Bryce's Piper TTS Voices

Back to my site

About

My goal is to create several voice models for use with the Piper text-to-speech software. I want there to be more voices available without restrictive licenses. Many of the widely available datasets and thus the voices created from them have "for research and learning purposes only"-style licenses.

Voice Models

Voice Notes Sample
LJSpeech (medium)

US English female voice. Single speaker. Trained from scratch for 1000 epochs on medium quality settings using the LJ Speech dataset. I reencoded the recordings to a bit rate of 22050 Hz so it would match other voices released for Piper TTS


License: public domain


Downloads: .onnx file | config json file | .ckpt file (for training)
LJSpeech (high)

US English female voice. Single speaker. Trained from scratch for 2000 epochs on high quality settings using the LJ Speech dataset. I reencoded the recordings to a bit rate of 22050 Hz so it would match other voices released for Piper TTS


License: public domain


Downloads: .onnx file | config json file | .ckpt file (for training)
Jenny (Dioco)

UK English female voice (Irish). Single speaker. Trained from scratch for 287 epochs on medium quality settings using the ~30 hour Jenny (Dioco) dataset. I reencoded the recordings to a bit rate of 22050 Hz so it would match other voices released for Piper TTS


License: Attribution required, similar to CC BY See the link for license details. I impose no further license or restrictions.


Downloads: .onnx file | config json file
Clean 100

US English voice. Multi-Speaker with 244 speakers. Trained from scratch on medium quality settings for 1000 epochs. This comes from the "Clean 100" subset of the LibriTTS-r dataset, which is a sound-improved version of the LibriTTS dataset, which is derived from the original materials of the LibriSpeech corpus. I removed the files they have listed as "failed speech restoration." The '100' comes from 100 hours of recordings in the original dataset. The sample is just the first speaker in the set. A zip containing a sample for each speaker in the set can be downloaded here


License: CC BY 4.0 This is for the original dataset. I impose no further license or restriction.

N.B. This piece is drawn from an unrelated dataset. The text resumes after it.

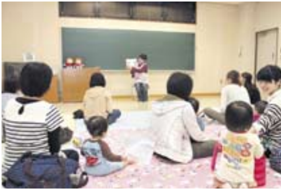
淡窓図書館で絵本のお話を聞く子供たち。まだ言葉の意味は分からなくても、その声や絵に興味を示す様子が見られました。

Downloads: .onnx file | config json file
Cori (high)

UK English female voice. Single Speaker. Trained from scratch on high quality settings for 500 epochs. I put together the dataset, which ended up with about 24 hours of recordings. All recordings came from LibriVox.org.


License: public domain


Downloads: .onnx file | config json file | .ckpt file (for training)
Cori (medium)

UK English female voice. Single Speaker. Trained from scratch on medium quality settings for 640 epochs. I put together the dataset, which ended up with about 24 hours of recordings. All recordings came from LibriVox.org.


License: public domain


Downloads: .onnx file | config json file | .ckpt file (for training)
Kristin

US English female voice. Single Speaker. Trained from scratch on medium quality settings for 2000 epochs. I put together the dataset, which ended up with about 11.5 hours of recordings. All recordings came from LibriVox.org.


License: public domain


Downloads: .onnx file | config json file | .ckpt file (for training)
John

US English male voice. Single Speaker. Finetuned from Kristin (above) on medium quality settings for an additional 600 epochs. I put together the dataset, which ended up with about 12.5 hours of recordings. All recordings came from LibriVox.org.


License: public domain


Downloads: .onnx file | config json file | .ckpt file (for training)
Bryce

US English male voice. Single Speaker. Finetuned for an additional 1000 epochs from an unreleased voice which had 2500 epochs. This is my voice, I only recorded about 750 samples.


License: public domain


Downloads: .onnx file | config json file | .ckpt file (for training)
Norman

US English male voice. Single Speaker. Trained from scratch on medium quality settings for 1200 epochs. I put together the dataset, which ended up with about 15.5 hours of recordings. All recordings came from LibriVox.org. I forgot to save the ckpt file on this one, sorry.


License: public domain


Downloads: .onnx file | config json file

Note: Feel free to use these for any legal and ethical purpose. If somebody wants to upload these to HuggingFace or somewhere similar, you have my blessing.